Two parallel plates, each having area A = 3118cm2 are connected to the terminals of a battery of voltage Vb = 6 V as shown. The plates are separated by a distance d = 0.35cm. You may assume (contrary to the drawing) that the separation between the plates is small compared to a linear dimension of the plate.

A dielectric having dielectric constant κ = 2.6 is now inserted in between the plates of the capacitor as shown. The dielectric has area A = 3118 cm2 and thickness equal to half of the separation (= 0.175 cm) . What is the charge on the top plate of this capacitor?

Homework Equations



C=Q/V

C(new) = KC(old)

The Attempt at a Solution



I really have no idea.

I tried dividing the new capacitance by (because the dielectric is d/2 long) and calculating Q from that, but that didn't work.

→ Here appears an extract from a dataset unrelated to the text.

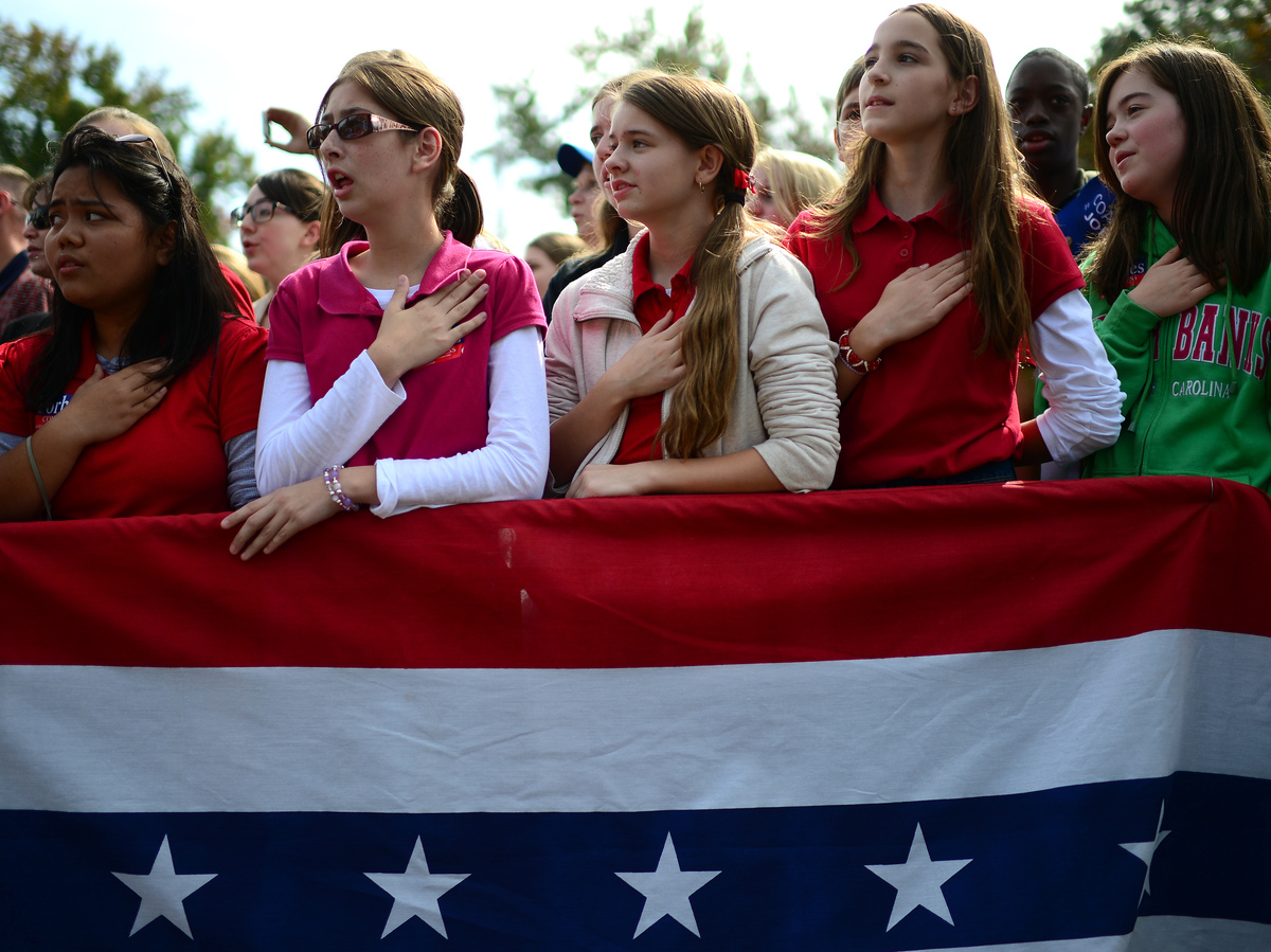 The crowd joins Republican Mitt Romney in singing the national anthem at a rally Wednesday in Chesapeake, Va.

The resulting configuration will behave like two capacitors in series: One without dielectric and one with dielectric.
 
Okay, that makes sense.

So, what I have so far now is

1/C(without) + 1/C(with) = 1/C

C(without)= εA/(d/2)

C(with)= εAK/(d/2)

Unfortunately, this does not give me the right answer. What am I doing wrong?
 
kjlchem said:
Okay, that makes sense.

So, what I have so far now is

1/C(without) + 1/C(with) = 1/C

C(without)= εA/(d/2)

C(with)= εAK/(d/2)

Unfortunately, this does not give me the right answer. What am I doing wrong?

Your equations look okay. Perhaps a calculation issue? What numerical values did you find?
 
Yep! Got it!

The next part asks for the voltage when the battery is disconnected and the dielectric is removed. Does this have to do with the difference in capacitance between when the dielectric is present and when it is not?
 
kjlchem said:
Yep! Got it!

The next part asks for the voltage when the battery is disconnected and the dielectric is removed. Does this have to do with the difference in capacitance between when the dielectric is present and when it is not?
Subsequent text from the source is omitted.